By MIKE IVEY | The Capital Times | firstname.lastname@example.org, January 18, 2014
Developers are close to breaking ground at Union Corners on Madison’s east side, the high-profile but long vacant parcel at East Washington Avenue and Milwaukee Street.
Gorman & Co. has filed an application with the city for Phase I of the project, a $20 million, 2-story, 60,000 square foot UW Health clinic.
The general development plan (GDP) will be presented before the city Urban Design Commission at its Wednesday meeting.
Developers are hoping to begin construction on the clinic building in late summer, with UW Health looking to move in during the summer of 2015, says Gorman & Co. spokesman Joe Schwenker.
The clinic will occupy the corner of East Washington Avenue and Milwaukee Street.
More development is slated for the rest of the 11-acre site and plans show a mix of residential and commercial buildings along both sides of a rerouted Winnebago Street.
But Schwenker cautions that plans are fluid and could likely change.
“It’s all going to depend on market conditions,” he says.
That project from Madison landlord Jim Stopple has generated strong neighborhood opposition, both from residents in the adjacent Weston condominiums and those living on the quiet streets behind the mall.

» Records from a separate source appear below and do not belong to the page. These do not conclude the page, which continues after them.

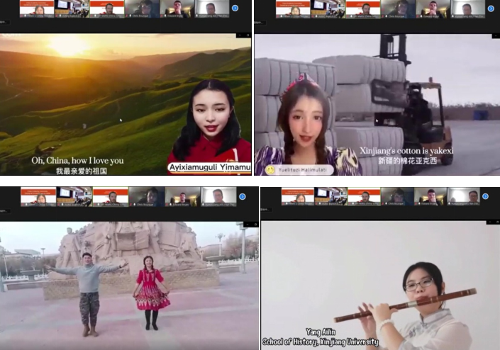 在才艺展示部分,william威廉中文官网历史学院2021级同学们及其部分亲属相继发声。他们用英语朗诵了中国新疆维吾尔族诗人鲁提夫拉・穆台里甫在1938年10月写下的爱国诗《中国》,用英语演唱了《我和我的祖国》《新疆亚克西》两首歌曲,表演了《麦西来普跳起来》《沙雅麦西来普》《小小羽毛》三支舞蹈,还用冬不拉演奏了《牧民的迁徙》,用竹笛演奏了《可可托海的牧羊人》。这些节目不仅体现了新疆各族人民在抗日战争时期积极支持抗战,共同抵抗了外来侵略,捍卫了国家统一,在和平时期辛勤劳动,积极奉献,共圆中国梦,还体现了新时代的新疆不仅实现了经济的繁荣,还实现了文化的传承与发展,也体现了在各民族交往交流交融的过程中,中华民族共同体意识不断增强。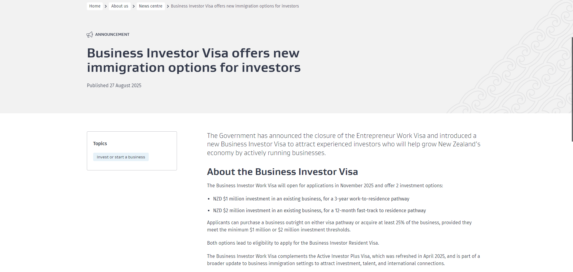 这一新政旨在吸引有资金实力和商业经验的海外投资者,通过投资现有企业推动新西兰经济发展,同时为投资者提供更清晰的居留路径。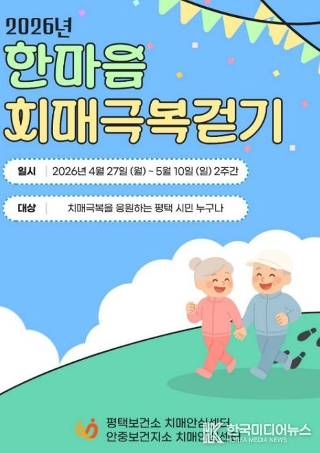 [ 한국미디어뉴스 이보영 기자 ] 평택보건소 치매안심센터와 안중보건지소 치매안심센터에서는 지역 주민의 치매 예방과 인식개선을 위해 녪년 한마음 치매극복 걷기 행사’를 오는 4월 27일부터 5월 10일까지 2주간 진행한다.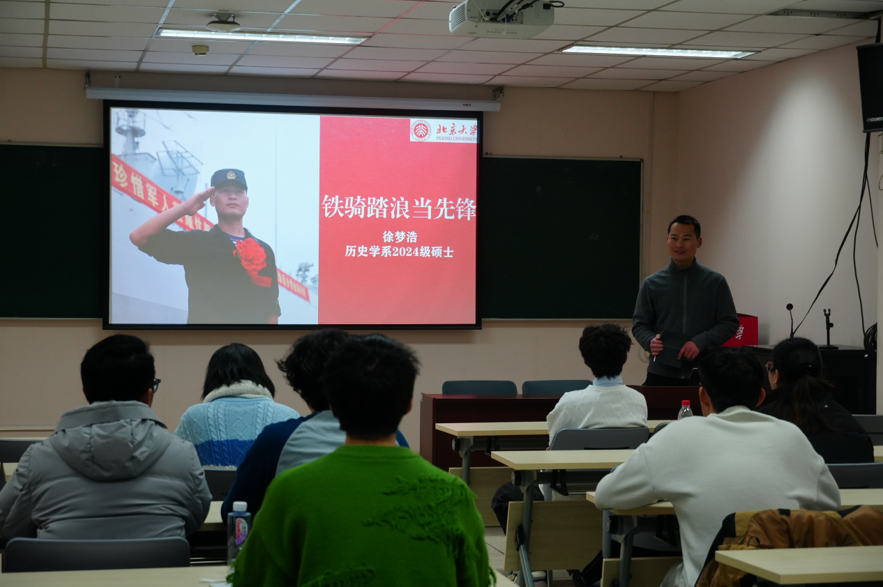 為深化學習效果,學院特別邀請北京大學退役大學生士兵宣講團成員、歷史學系2024級碩士生徐夢浩作專題分享。徐夢浩以“個人融入集體、夢想融入責任、青春融入山河”為主線,生動講述了自己在軍營中錘煉意志、成長蛻變的經歷,分享了在集體協作與奉獻服務中強化責任擔當的深切感悟。他樸實真誠的講述,讓支部黨員深刻感受到軍人作風與偉大抗戰精神在新時代的延續與傳承。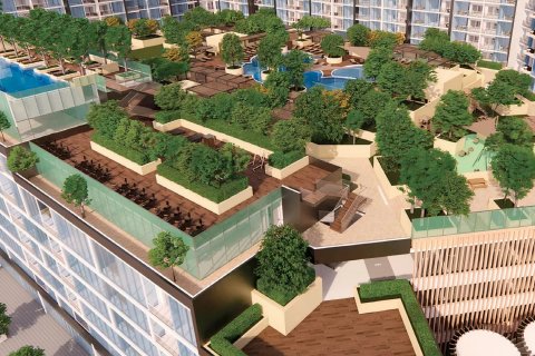 The Crest Grande master plan provides for the creation of a luxurious infrastructure inside the building for a comfortable stay and a life of luxury for the future owners and guests of the complex. A must-have attribute of luxury housing in Dubai is an outdoor swimming pool with recreational areas. The exterior of the building will be created in a modern eco-style. The facades will be decorated with wooden elements and green plants on the outdoor terraces. The apartment will have an open kitchen, a combined living and dining area, a bedroom with a separate bathroom, and a guest bathroom. Panoramic glazing will allow you to enjoy magnificent views of the lagoon and the promenade.

Over the past decade, Union Corners went from one of the most promising development projects in Madison history to one of the city’s worst eyesores.
In 2003, before the housing bust sent the national and local economies into a tailspin, developer Todd McGrath had plans to turn the former Rayovac battery plant and a vacant grocery store site into a mix of high-density housing, shopping and open space. The $70 million project was widely hailed as a game-changer, something that would finally spur development up and down the blighted East Washington Avenue corridor.

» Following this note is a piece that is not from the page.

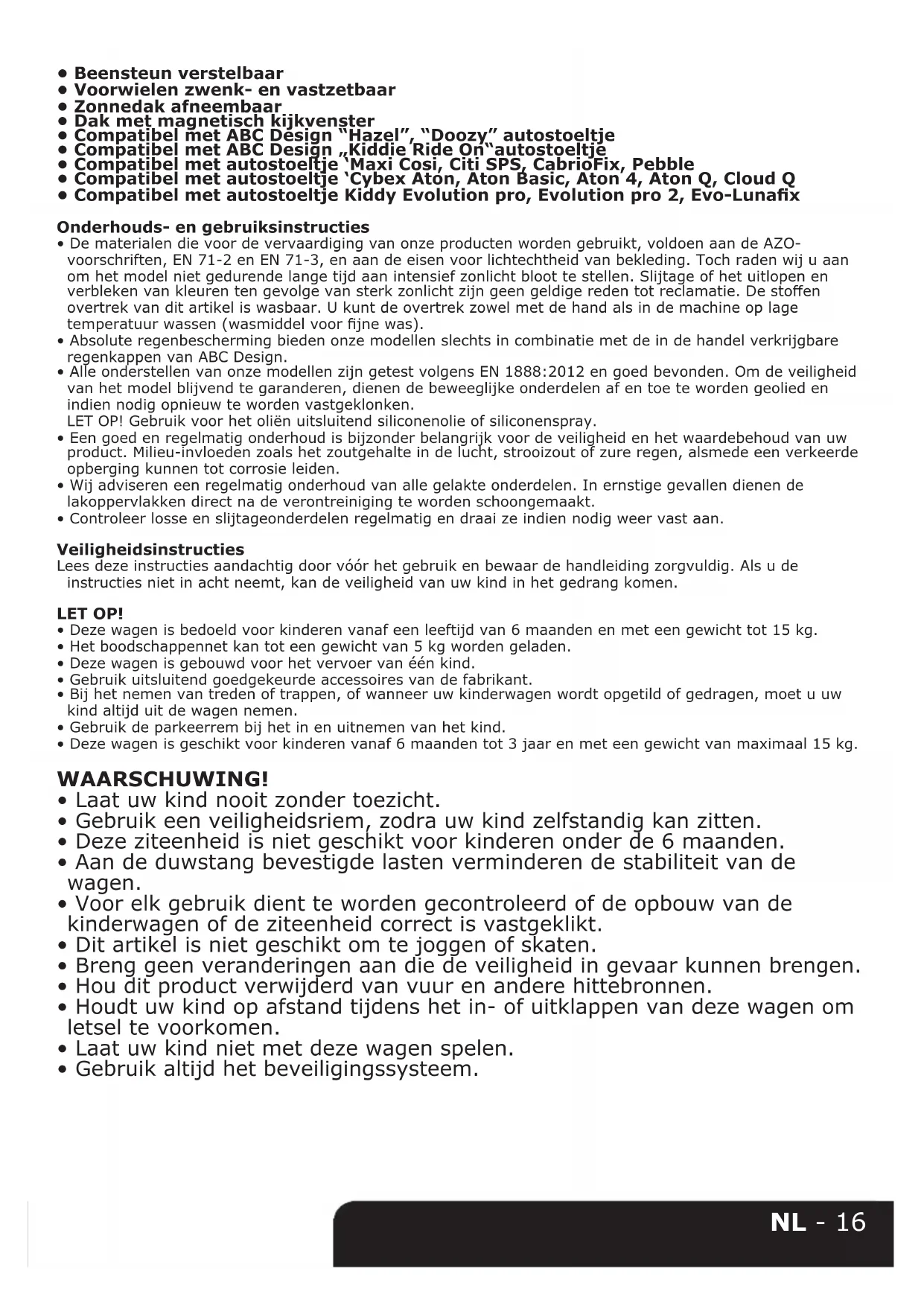 - Controleer losse en slijtageonderdelen regelmatig en draai ze indien nodig weer vast aan. Veiligheidsinstructies Lees deze instructies aandachtig door vóór het gebruik en bewaar de handleiding zorgvuldig. Als u de instructies niet in acht neemt, kan de veiligheid van uw kind in het gedrang komen. LET OP!

When the recession hit, however, all those dreams were drowned in a river of debt, and McGrath ended up losing the property in a voluntary foreclosure. The city of Madison eventually stepped in, buying the land from M&I Bank for $3.57 million, with the expectation it could eventually find a private developer to take over the site once the economy improved.
The city solicited proposals for the site and eventually selected Gorman after other developers dropped out. In July 2012, the city sold the property to Gorman for $1 in lieu of making a TIF loan to the developer.
The city hopes to recoup its estimated $6 million in land and infrastructure costs through new property taxes generated by the development.